Только Аля притопнула в мягких, еще теплых от керосинки бурках, как в комнату танком вломилась накутанная в шубу и платки Нюрка.

— Беда-а, Пална, беда-а-а!…

— Да говори толком, сердце не надрывай мне.

— За тебя, Пална, покарал меня бог! Нельзя было обижать тебя в стихийный момент! — Она обхватила голову, закричала еще сильнее: — Покарал за те крохи, что Алька прислала тебе с трудфронта! Взяла, взяла, не голодом взяла, жадностью. И всего-то пяток яиц, сахарку да хлебца… Ты провожать вышла того одноглазого, дверь не заперла, я и шмыг. А вот и наказание!

— Вот что… Ну а беда какая?

Нюрка сунула маме воинский треугольник письма.

— Федя-то… на фро-онте-е, — провыла Нюрка. — В штрафном батальоне… Что делать-то?

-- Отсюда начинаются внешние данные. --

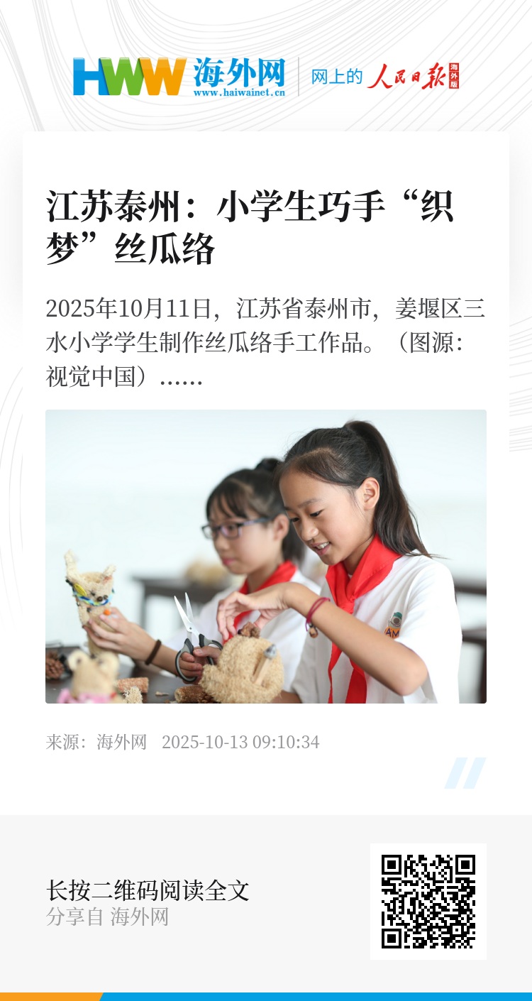 32900412,.江苏泰州:小学生巧手“织梦”丝瓜络,.2025-10-13 09:09:34,.204008,.姚凯红、高望
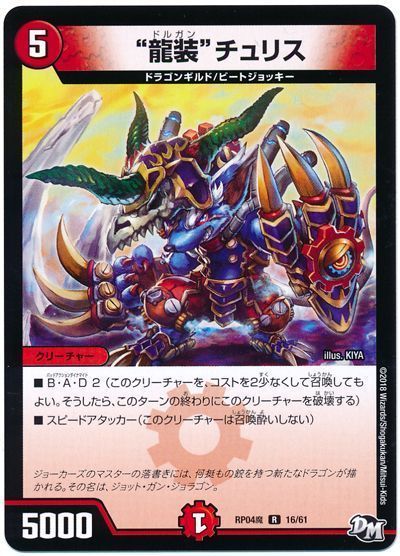 そのカードの名は龍装チュリス、新能力BADによって3マナで召喚できる5コストのドラゴンです。5コストのドラゴンを3マナで出せるという事は3T目にドギラゴン剣によって6打点作れることを意味します。これまでは5コスの超次元呪文や小型獣→5コスの革命チェンジ獣を使って成長させたり、5コスのイーヴィルヒートや6コスのリンネ・ヴィーナスをコスト軽減やマナ加速を駆使して早期着地させることですら環境上位に君臨したドギラゴン剣にこんな専用カードを与えていいのかと多くの決闘者に疑問を抱かせました。
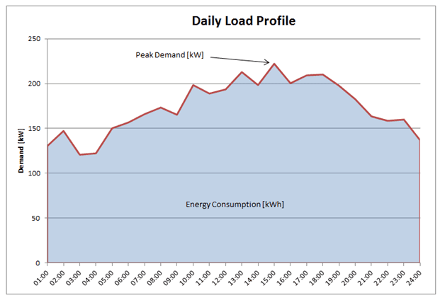 Demand charges add complexity to electricity plans. To put it simply, you are paying for the cost it takes for the utility company to maintain and supply your building with electricity in addition to your typical energy usage costs. To know how demand charges are calculated, you need to know what demand is. In this case, demand is the maximum amount of power you consume in a given period of time, usually measured in 15-minute intervals, within the month. This is also known as peak demand in the industry which is measured in kilowatts (kW) and is shown in Figure 3.

Прочитав письмо, мама сложила его и передала Нюрке:

— Ну, Федор, не ожидала, — мама удовлетворенно покачивала головой. — Чего ж тебе убиваться, Нюра? Он сам попросился, кормить фронтовиков — это не прятаться среди уголовников.

— Ты бы простила меня, Пална, а то за мой грех Феде аукнется.

— Хитришь? Ты же меня не словом обидела. Что взяла, положи обратно.

— Так ведь извела и яички, и хлеб, только сахар остался, он против шоколада не идет.

— Тогда пеняй на себя, — опустила мама глаза, пряча лукавинку.

Нюрка вышла и тут же вернулась, стукнула плиткой шоколада об стол и бросила рядом пару кусков сахара:

— По цене шоколад покрывает все, мною тут взятое. А сахар твой.

— Сейчас же забери свое ворованное. — Голос мамы понизился, как всегда в гневе.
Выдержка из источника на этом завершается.